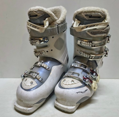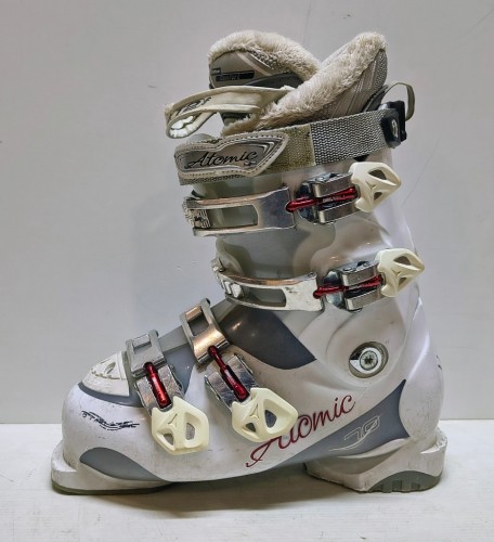 Použité lyžiarky Atomic 70, veľkosť MP 24/24.5, dĺžka skeletu 290 mm. Používaná štvorklipsňová dámska lyžiarka v dobrom stave, flex index:70.
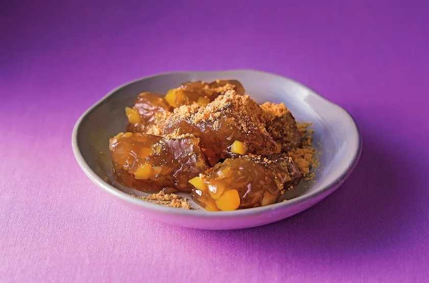 1時間以上、本練りしたわらびもちは、やわらかくてプルプルの食感。
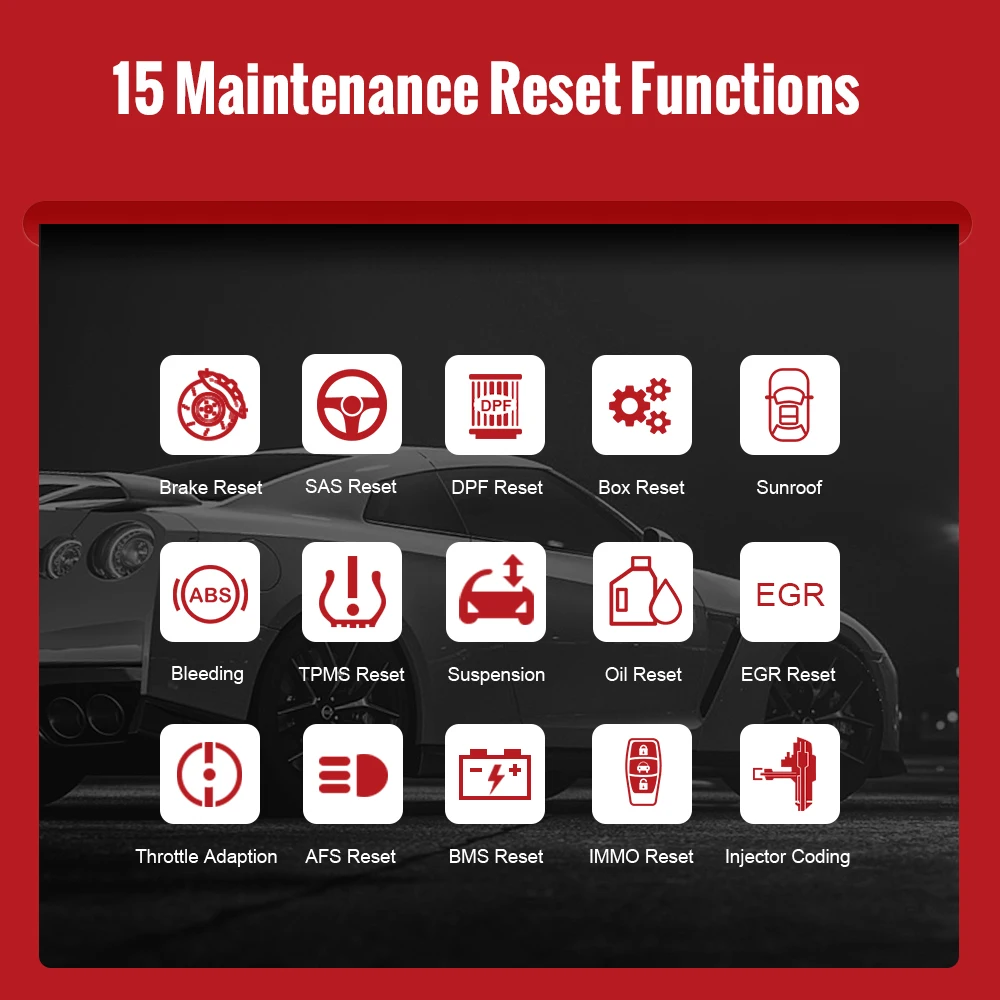 This OBD2 scanner is specially designed to provide you with quick access to the vehicle systems for various scheduled service and maintenance performances. There is some commonly-used special reset services are listed for your reference: 1.Oil Lamp Reset Service : allows you to perform reset for a new calculation of Engine Oil Life system once changed the oil. 2.EPB service: it is important in the maintenance of electronic braking system's safety and efficiency. 3.BAT battery service : allows the scan tool to evaluate the battery charge state, monitor the close-circuit current, register the battery replacement, and activate the rest state of the vehicle. 4.DPF service : specially works for Diesel Particulate Filter system with DPF regeneration, DPF component replacement teach-in and DPF teach-in after replacing the engine control unit. 5.SAS service: helps clear the fault steering angle sensor memories and plays an important role in the steering angle sensor calibration. 6.TPMS service : makes sense in displaying sensor IDs from the vehicle's ECU, inputting TPMS sensor replacement IDs and testing sensors. 7.IMMO Key Programming: the unique car key programming and read pin code function, it is mainly used to disable the lost vehicle keys and program a new replacement key fob. 8.ABS Bleeding : ABS brake bleeding to get a firm brake pad after air exhaustion after repair ABS pump system 9.Sunroof Reset: The sunroof memory generally needs to be reset when the vehicle’s battery is replaced or the car dies 10.Suspension Reset:Try reset electronic suspension air ride with the massage system close all doors koeo flip through measage system go to suspension reset or on off 11.Gearbox Reset:Procedure Reset Transmission Adaptive Learning DIY. Start the car and drive. Once you perform this procedure the Engine Control Unit (ECU) and Transmission Control Unit (TCU) will work together to learn how you drive by monitoring your driving pattern. After you follow this programing method of the TCU / ECU drive the car. 12.AFS Headlamp Reset :'AFS' means Adaptive Front lighting System (at night with the Bi-Xenon headlights) it swivels either side, pressing that button means they stay pointing straight ahead and don't turn when you turn the steering wheel 13.Injector Coding :Leaking injectors and some dead injectors can be missed even when an injector is disabled. Otherproblems with the ignition system and mechanical components also may not show an rpm loss when aninjector is turned off 14.Throttle Adaptation The throttle body is a tube containing a pivoting flat valve (butterfly) that is used to control the amount ofair entering an engine. In an electronically fuel injected car, a throttle position sensor and air flow sensorcommunicate with the computer, which supplies the corresponding amount of fuel needed at the injectors. It must need re-learning throttle sensor position after clearing or repair 15.Gear Learning: The scan tool monitors certain camshaft position sensors signals to determine if all conditions are met to continue with the procedure for Engine running
————
_Exercise directions_
Output only the lines running from the top of the data above to the line with "1時間以上、本練りしたわらびもちは、やわらかくてプルプルの食感。", inclusive, word for word and without pictures.

_Written answer_
 Použité lyžiarky Atomic 70, veľkosť MP 24/24.5, dĺžka skeletu 290 mm. Používaná štvorklipsňová dámska lyžiarka v dobrom stave, flex index:70.
 1時間以上、本練りしたわらびもちは、やわらかくてプルプルの食感。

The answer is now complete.